What you should do.
Below are lines of records; copy exactly those from the one containing "文獻(xiàn)[26]提出" through the one containing "- Compact Dimensions: The", leaving the pictures behind.

Data extracts.

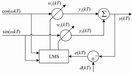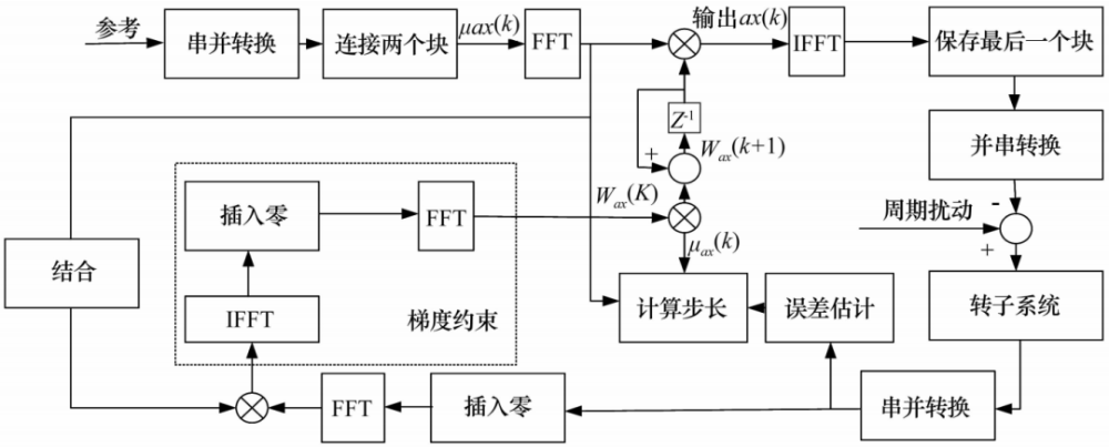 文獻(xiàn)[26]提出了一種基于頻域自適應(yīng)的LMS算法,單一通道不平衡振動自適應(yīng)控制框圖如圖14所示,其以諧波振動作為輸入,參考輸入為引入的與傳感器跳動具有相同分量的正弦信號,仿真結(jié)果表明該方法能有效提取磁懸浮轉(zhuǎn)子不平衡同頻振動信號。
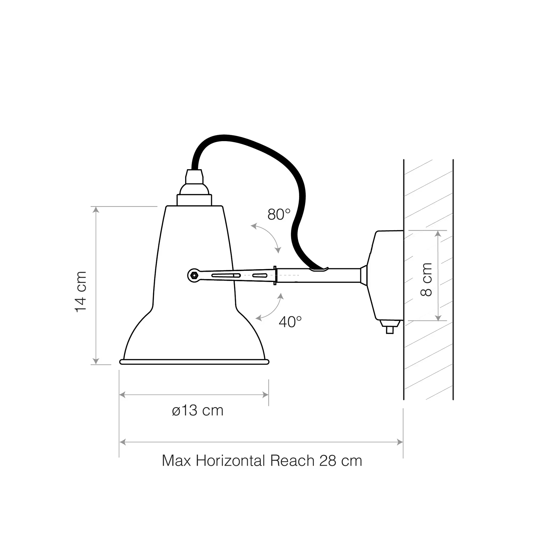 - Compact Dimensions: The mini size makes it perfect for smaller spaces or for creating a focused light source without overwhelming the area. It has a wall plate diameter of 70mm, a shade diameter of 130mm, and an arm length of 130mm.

...

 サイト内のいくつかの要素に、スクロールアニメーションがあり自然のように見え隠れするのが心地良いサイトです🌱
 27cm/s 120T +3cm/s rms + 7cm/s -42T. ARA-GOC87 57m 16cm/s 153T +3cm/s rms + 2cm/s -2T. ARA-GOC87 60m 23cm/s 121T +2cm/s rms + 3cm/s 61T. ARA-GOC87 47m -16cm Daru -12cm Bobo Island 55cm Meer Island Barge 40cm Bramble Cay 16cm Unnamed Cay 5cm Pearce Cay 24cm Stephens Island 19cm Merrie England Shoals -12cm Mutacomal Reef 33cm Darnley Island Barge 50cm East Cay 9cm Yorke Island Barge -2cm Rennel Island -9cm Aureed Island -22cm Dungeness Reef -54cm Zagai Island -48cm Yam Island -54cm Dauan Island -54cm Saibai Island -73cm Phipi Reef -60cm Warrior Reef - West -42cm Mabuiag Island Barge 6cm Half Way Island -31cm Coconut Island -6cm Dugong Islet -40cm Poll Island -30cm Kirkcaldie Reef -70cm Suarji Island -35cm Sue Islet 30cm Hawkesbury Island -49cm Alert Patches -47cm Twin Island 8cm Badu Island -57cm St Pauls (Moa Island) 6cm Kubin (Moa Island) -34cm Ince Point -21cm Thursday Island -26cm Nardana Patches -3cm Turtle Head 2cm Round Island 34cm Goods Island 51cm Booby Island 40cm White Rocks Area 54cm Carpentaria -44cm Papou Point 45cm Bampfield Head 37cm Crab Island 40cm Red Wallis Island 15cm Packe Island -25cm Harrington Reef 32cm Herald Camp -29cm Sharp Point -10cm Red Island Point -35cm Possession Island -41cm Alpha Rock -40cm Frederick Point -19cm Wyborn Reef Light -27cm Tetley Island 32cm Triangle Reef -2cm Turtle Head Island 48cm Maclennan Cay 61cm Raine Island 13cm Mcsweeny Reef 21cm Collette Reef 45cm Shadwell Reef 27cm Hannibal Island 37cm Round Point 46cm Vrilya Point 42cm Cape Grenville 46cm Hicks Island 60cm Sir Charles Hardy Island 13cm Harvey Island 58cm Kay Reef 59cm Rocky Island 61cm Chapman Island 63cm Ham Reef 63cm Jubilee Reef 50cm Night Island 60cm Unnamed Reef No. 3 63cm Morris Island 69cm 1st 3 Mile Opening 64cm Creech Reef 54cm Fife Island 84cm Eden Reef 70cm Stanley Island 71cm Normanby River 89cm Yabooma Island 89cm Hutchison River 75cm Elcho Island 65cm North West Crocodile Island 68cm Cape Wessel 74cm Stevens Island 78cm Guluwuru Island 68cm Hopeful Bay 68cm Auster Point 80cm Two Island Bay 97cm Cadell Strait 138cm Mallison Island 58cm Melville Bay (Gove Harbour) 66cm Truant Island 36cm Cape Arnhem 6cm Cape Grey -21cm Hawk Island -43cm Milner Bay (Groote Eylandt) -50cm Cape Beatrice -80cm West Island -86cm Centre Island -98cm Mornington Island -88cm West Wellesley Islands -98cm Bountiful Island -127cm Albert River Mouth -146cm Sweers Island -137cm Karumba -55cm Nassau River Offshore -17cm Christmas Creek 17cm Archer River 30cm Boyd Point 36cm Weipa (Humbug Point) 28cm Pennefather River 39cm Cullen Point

Solution for this exercise.
 文獻(xiàn)[26]提出了一種基于頻域自適應(yīng)的LMS算法,單一通道不平衡振動自適應(yīng)控制框圖如圖14所示,其以諧波振動作為輸入,參考輸入為引入的與傳感器跳動具有相同分量的正弦信號,仿真結(jié)果表明該方法能有效提取磁懸浮轉(zhuǎn)子不平衡同頻振動信號。
 - Compact Dimensions: The mini size makes it perfect for smaller spaces or for creating a focused light source without overwhelming the area. It has a wall plate diameter of 70mm, a shade diameter of 130mm, and an arm length of 130mm.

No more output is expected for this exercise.